Bizim 35 merkez mahallemiz, 50 tane kırsal mahallemiz var. Bunların hiç birinde olaylar olmadı. 5-6 tane ilçe başkanı adayımız var. Onların da sesiz çıkmıyor. Ama sadece bir arkadaşımız her gittiği yerde birtakım söylemlerle beni bile işin içine sokmaya çalışıyor. Şık değil, doğru bir hareket değil. Doğru bulmuyorum. Mümkün olduğunca sandık başlarına gitmemeye çalışıyorum ama kongre sürecinde belediye meclisi üyesinin, il başkanı adayının, ilçe başkanı adayının karışma hakkı var, belediye başkanının yok diye bir kuralı da tanımıyorum. Biz de kendi arkadaş grubumuz içinde partimizi en iyi temsil edecek bir yönetim oluşması için çalışma içindeyiz. Buna da hiç kimsenin engel olmak gibi bir hakkı yok.

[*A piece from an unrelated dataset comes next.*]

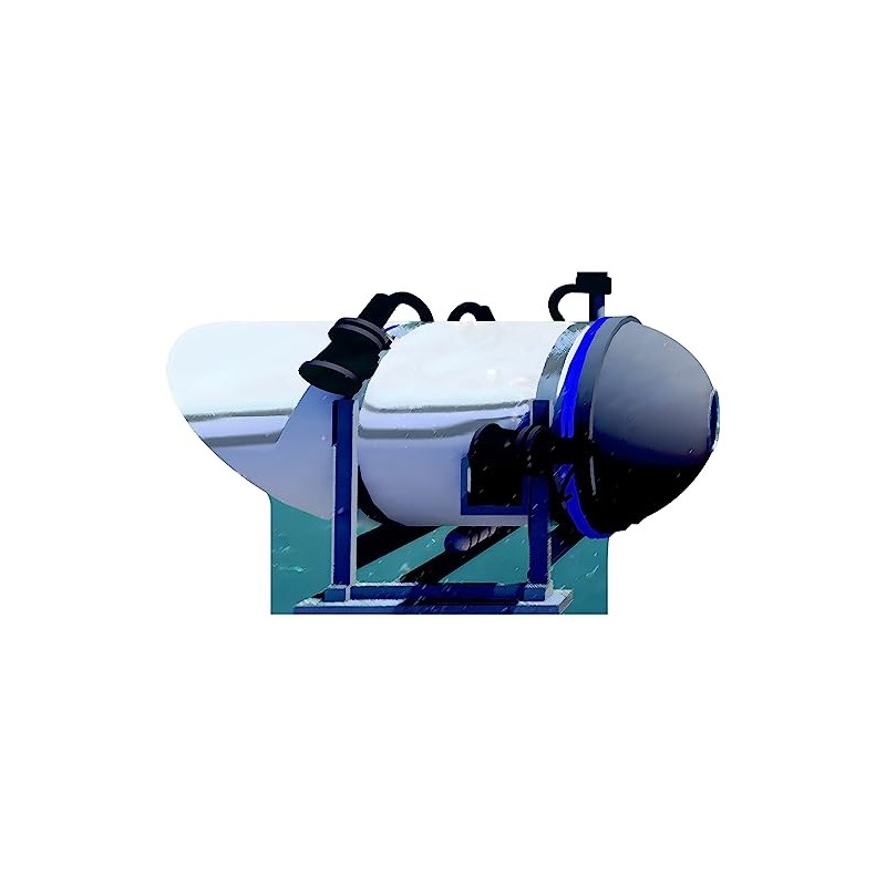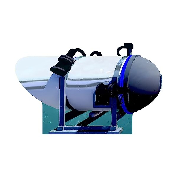 76x47 inch cardboard cutout. Cardboard cutout of the submersible that went to explore the Titanic shipwreck on June 2023. The submersible was made by a company that makes submersibles for both commercial expeditions and for tourism.

“O zaman iyiydi de şimdi mi kötü?”
Delege seçimlerinde partililerin “belediye başkanlarının selamıyla” arandığı iddia ediliyor. Siz bu iddiaları nasıl değerlendiriyorsunuz?
Doğrudur. Benim tanıdığım arkadaşa benim selamımla gidecek, diğerinin tanıdığına diğerinin selamıyla gidecek. Herkes bir biçimde üyeye ulaşmanın yolunu arıyor. CHP’de şunu söyleyerek üyeleri aşağılamaya çalışmak kadar incitici bir şey yoktur. Hiç kimse emir eri değildir. Hiç kimse talimatla hareket etmez. Kaldı ki öyle olduğunu varsaysak bile Odunpazarı’nda üye sayısı 11 bin, 12 bin. Odunpazarı Belediyesi’nde çalışan sayısı 600, 700. Yani belediye başkanının etkisi, baskısı diye bir şey… Biz faşist miyiz? Böyle bir yakıştırma olur mu? Biz partide yıllardır çalışan, mücadele eden arkadaşlar olarak birbirimizi her zaman arayıp, her zaman da filanca listeyi destekliyorum aman oraya sahip çıkın demek gibi bir hakkımızın olduğunu düşünüyorum. Bunun tersine sizin hakkınız yok, biz konuşalım, biz yapalım. Bu da doğru bir yaklaşım değildir. Çünkü sonuçta ilçe yönetimi, il yönetimi, belediye başkanlarıyla, milletvekilleriyle, üyelerle birlikte çalışacak. O nedenle bunun çok olumsuz bir iş olduğunu düşünmüyorum. Odunpazarı’nda bizim belediyemizde çalışan işçilerden hiç birine ben şu sandığa gidin, şuraya oy verin demedim, demem. Çünkü bunu kendime yakıştıramam. Ama bizimle birlikte politika yapan arkadaşlarımız kendiliğinden zaten bu desteği veriyor. O nedenle bunların doğru olmadığını düşünüyorum. Kaldı ki bu arkadaşlarımızla biz kongrelerde zaman zaman yan yana olduk. O zaman da aynı şey oluyordu. O zaman iyiydi de şimdi mi kötü?
“Parti tabanıyla bağı olmayan vekiller tüzüğe madde koydu”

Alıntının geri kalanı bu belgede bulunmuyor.